■ **Assignment**: Quote exactly and only this range of lines in the data below: the line that holds "Coach Christie Logo" to the line that holds "Stazione 8-in-1 con", both included.

■ **Supplied records**:

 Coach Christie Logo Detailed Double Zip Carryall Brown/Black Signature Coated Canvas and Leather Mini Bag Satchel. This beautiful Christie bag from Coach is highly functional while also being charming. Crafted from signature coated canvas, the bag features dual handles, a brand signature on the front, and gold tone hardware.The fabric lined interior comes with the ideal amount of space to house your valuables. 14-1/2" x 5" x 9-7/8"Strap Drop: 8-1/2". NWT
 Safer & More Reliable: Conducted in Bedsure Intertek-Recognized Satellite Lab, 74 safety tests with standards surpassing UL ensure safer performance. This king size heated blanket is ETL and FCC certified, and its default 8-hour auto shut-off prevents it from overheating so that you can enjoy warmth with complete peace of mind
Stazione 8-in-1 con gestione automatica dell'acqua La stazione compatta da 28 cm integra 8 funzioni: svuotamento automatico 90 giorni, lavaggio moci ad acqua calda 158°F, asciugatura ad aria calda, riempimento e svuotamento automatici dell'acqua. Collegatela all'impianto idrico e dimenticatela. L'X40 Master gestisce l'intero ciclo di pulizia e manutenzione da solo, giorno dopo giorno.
* * *
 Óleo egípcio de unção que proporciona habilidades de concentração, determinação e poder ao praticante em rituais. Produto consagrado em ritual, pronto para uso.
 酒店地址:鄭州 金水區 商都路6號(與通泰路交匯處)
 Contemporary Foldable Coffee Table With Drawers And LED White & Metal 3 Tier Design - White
==
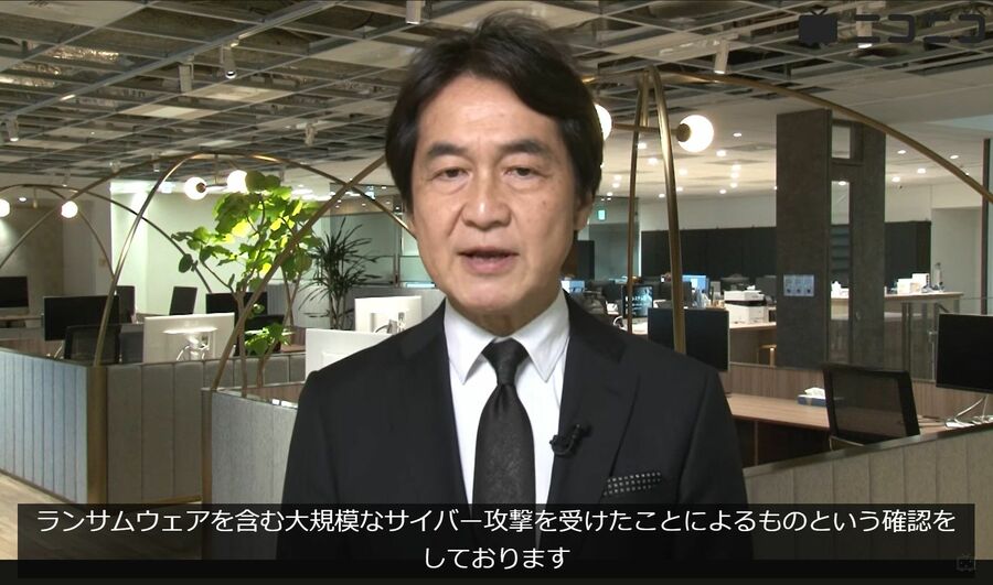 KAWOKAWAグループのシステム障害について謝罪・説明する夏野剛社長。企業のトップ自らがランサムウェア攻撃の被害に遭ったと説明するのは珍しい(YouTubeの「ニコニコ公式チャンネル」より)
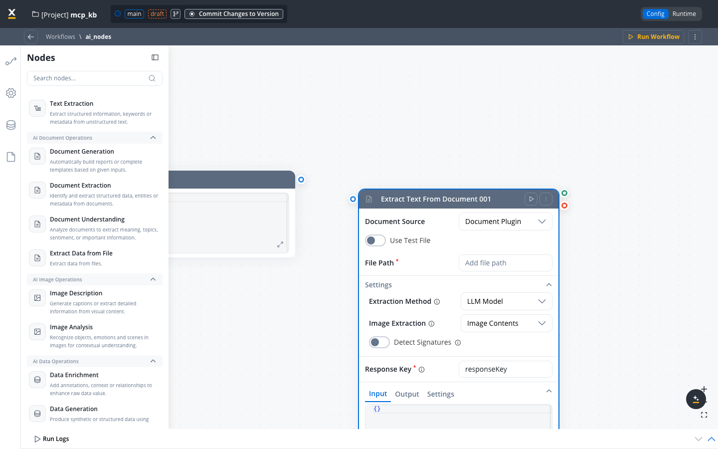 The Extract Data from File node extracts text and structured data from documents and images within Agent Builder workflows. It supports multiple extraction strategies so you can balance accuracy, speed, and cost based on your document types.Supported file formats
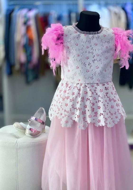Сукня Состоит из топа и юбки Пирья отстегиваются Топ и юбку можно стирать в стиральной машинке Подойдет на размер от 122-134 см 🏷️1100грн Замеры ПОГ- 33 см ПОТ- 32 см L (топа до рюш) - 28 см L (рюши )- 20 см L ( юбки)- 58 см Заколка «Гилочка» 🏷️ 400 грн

■ **Task answer**:
 Coach Christie Logo Detailed Double Zip Carryall Brown/Black Signature Coated Canvas and Leather Mini Bag Satchel. This beautiful Christie bag from Coach is highly functional while also being charming. Crafted from signature coated canvas, the bag features dual handles, a brand signature on the front, and gold tone hardware.The fabric lined interior comes with the ideal amount of space to house your valuables. 14-1/2" x 5" x 9-7/8"Strap Drop: 8-1/2". NWT
 Safer & More Reliable: Conducted in Bedsure Intertek-Recognized Satellite Lab, 74 safety tests with standards surpassing UL ensure safer performance. This king size heated blanket is ETL and FCC certified, and its default 8-hour auto shut-off prevents it from overheating so that you can enjoy warmth with complete peace of mind
Stazione 8-in-1 con gestione automatica dell'acqua La stazione compatta da 28 cm integra 8 funzioni: svuotamento automatico 90 giorni, lavaggio moci ad acqua calda 158°F, asciugatura ad aria calda, riempimento e svuotamento automatici dell'acqua. Collegatela all'impianto idrico e dimenticatela. L'X40 Master gestisce l'intero ciclo di pulizia e manutenzione da solo, giorno dopo giorno.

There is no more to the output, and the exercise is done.